Perhaps you’re familiar with the acronym ABC. Not the Jacksons song, nor a Sesame Street bit. No, I am referring to that subset of the wine-drinking public whose disdain for Chardonnay is so intense it has led them to become part of the ABC-crowd. Sort of a viticultural Tea Party of sorts, this is a loose aggregation of rebel wine drinkers who band together in locations all over the country, with the express purpose of drinking Anything But Chardonnay.
(Apologies for generalizations here; the purpose of this post isn’t actually to offer cohesive analysis of anything to do with ABC adherents, I’m just trying to set up my story!)
To date, the phenomenon has not been something that has worried me. While I recognize, courtesy of a syndrome I like to think of as the “blaming-the-varietal-for-the-method” syndrome (see previous post on Carignane!), that Chardonnay’s reputation has taken a bit of a beating in recent years, I am so engaged by, and entranced with, Ridge Chardonnay, and so regularly in the position of both proselytizing for them, and enjoying the astonished and delighted reactions of near-instant converts who taste them, that it rarely occurs to me to remember that there might be a problem.

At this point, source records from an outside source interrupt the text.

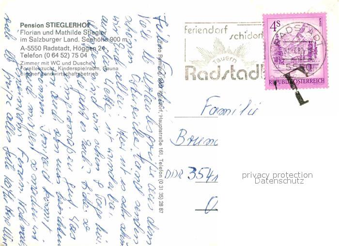 72665130 alte Postkarte Radstadt Pension Stieglerhof Gaststube postalisch gelaufen Erhaltung siehe scans [WerneD78] KatCode: 11390322050417
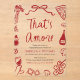 Celebrate your love story in true Italian style with these That’s Amore acrylic invitations! Featuring playful hand-drawn pizza, wine, and romantic doodles in bold red and white, this design brings a fun, rustic trattoria vibe to your engagement party.
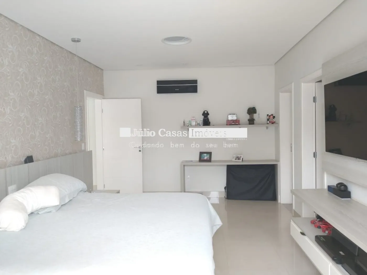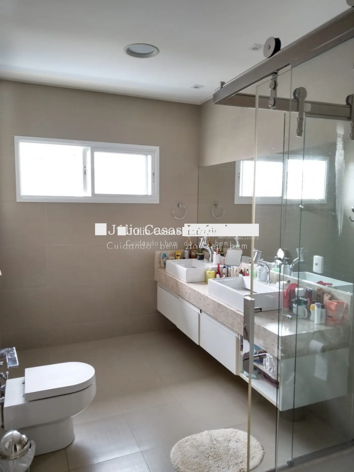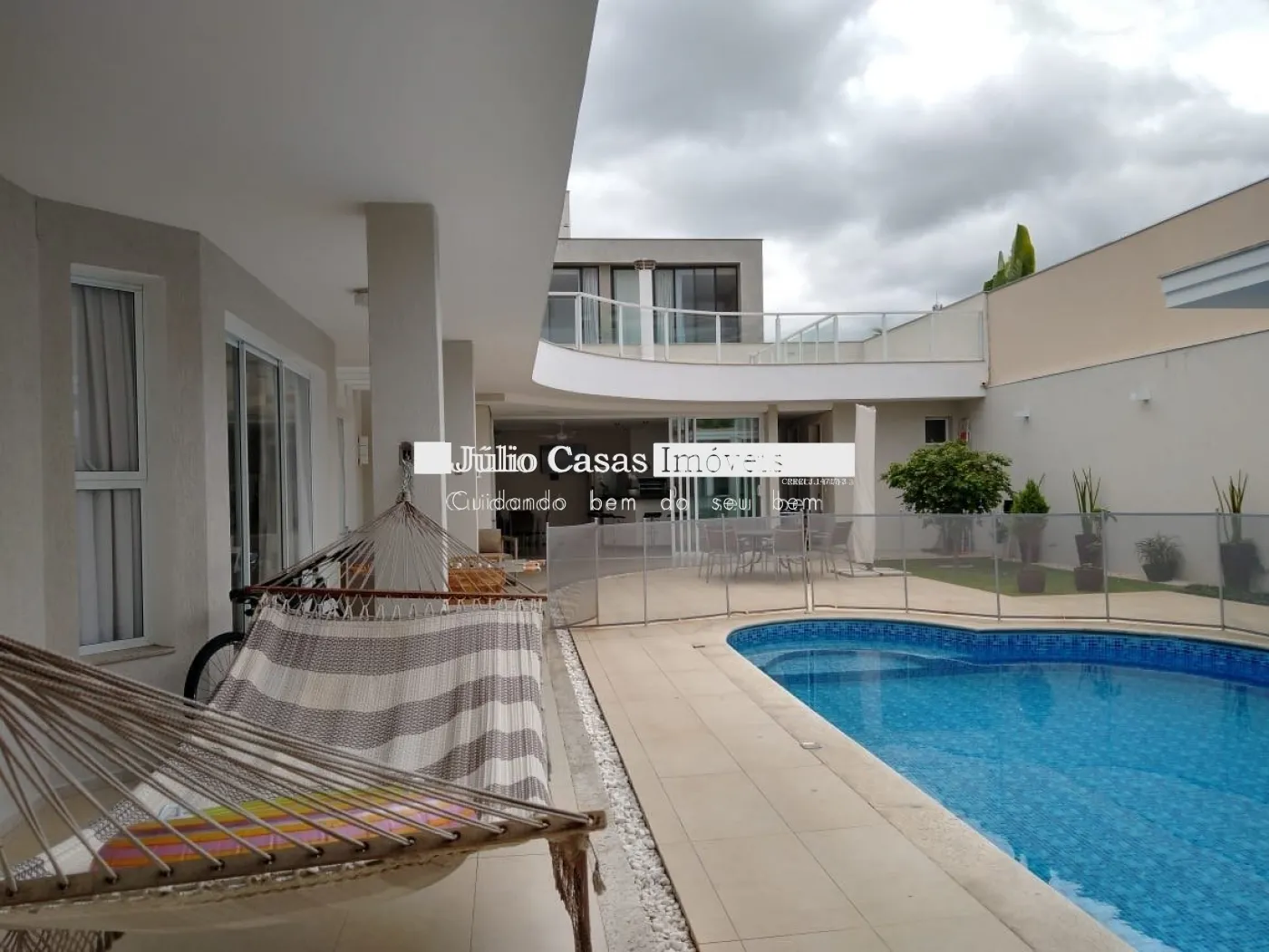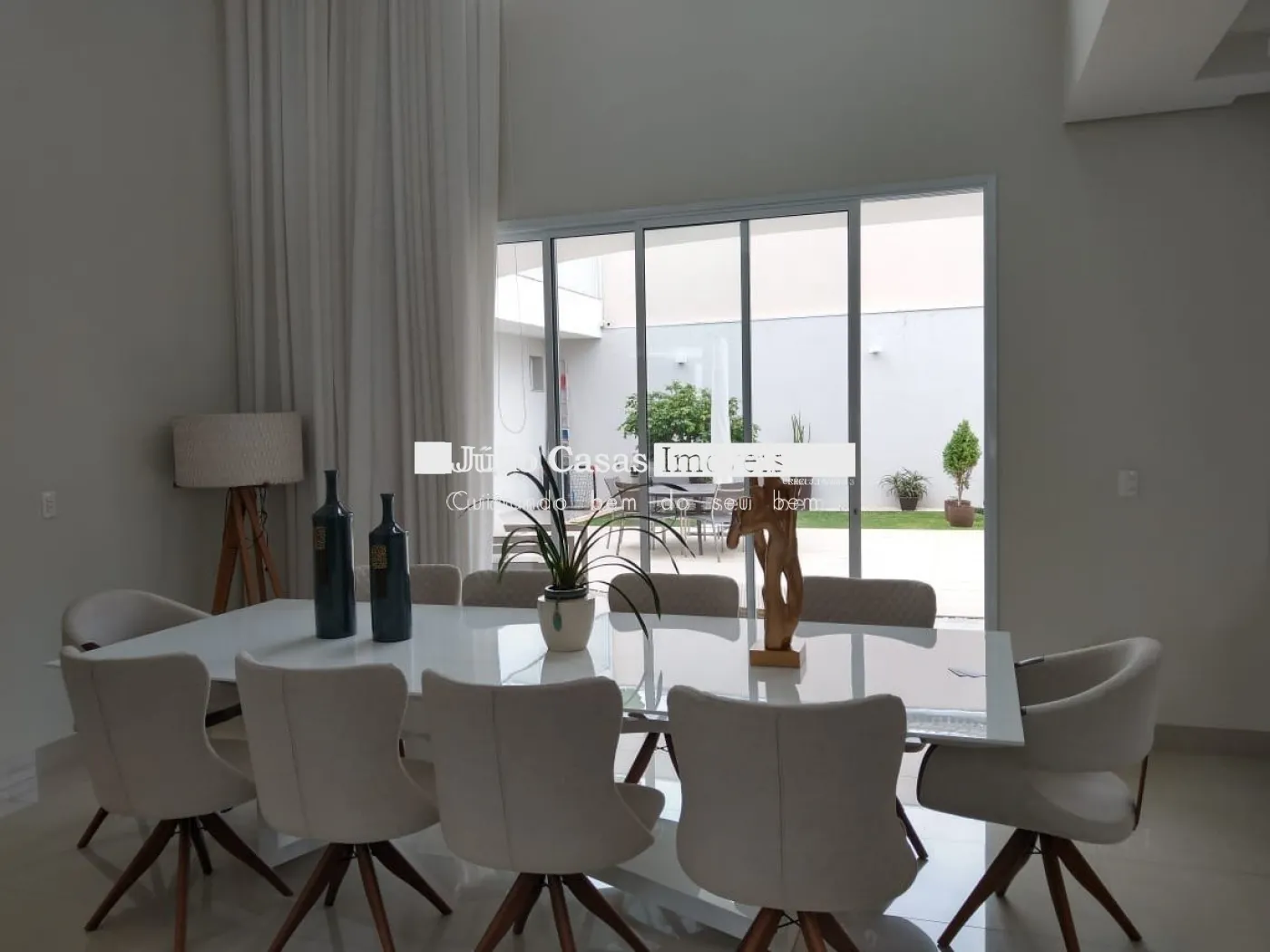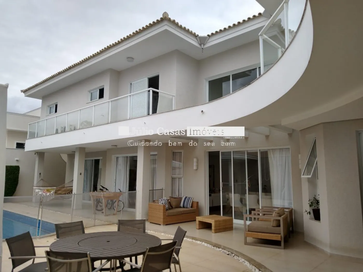 Casa modulada com sala 3 ambientes com pé direito 6 metros, integrada com a área gourmet com portas em alumínio branco e vidro temperado, proporcionando amplitude no ambiente, escritório com lavabo, 4 suítes uma sendo máster com varanda, hidro e duas duchas com duas cubas, toda em acabamento em porcelanato e gesso com closet.

Our Chardonnays are what I like to think of as “excitement wines,” though for the purposes of this story, it might be more appropriate to name them as “very pleasant surprise wines”; because this tends to be what most people experience when they first try them. They read the winemaker’s notes, and take heed of the fact that we use almost entirely American Oak for our barrel program. And they note that the wines are both fermented and aged in barrel. And that they go through full malolactic fermentation (albeit via wild yeasts!). And more often than not, they then form an opinion as to how the wine will taste. And then they taste. And what they taste is citrus and tropicality; minerality and yeast, acidity and viscosity, complexity and elegance. What they don’t taste is … well … you know what I’m going to say …
So anyhow, here I am hidden away on our lil’ mountain, happily espousing the joys of tasting Ridge Chardonnay, while out there in the world, outside my lil’ oeno-bubble, it appears the problem is worse than I thought. I can’t recall who said it, or when, but it was something to the effect of, “you know you’re famous when you’re in a New York Times Crossword Puzzle.” Well, in this case, I guess you know a problem is real when it shows up in similar fashion.
Last night, I was at table, casual-style, eating some simple leftovers, drinking a glass of 2007 Ridge Vineyards Carmichael Zinfandel (if this was pure fiction, I would have had it that I was drinking Ridge Chardonnay, but alas, it was indeed a zin!), and trying to wrap up the Sunday crossword before next Sunday, and I see the following clue:
And before going to see what 5-down actually looks like, I’m thinking; honeysuckle? pear? lemon custard? citrus? apricot? And then I find 5-down. Three blank spaces. Yep, you guessed it.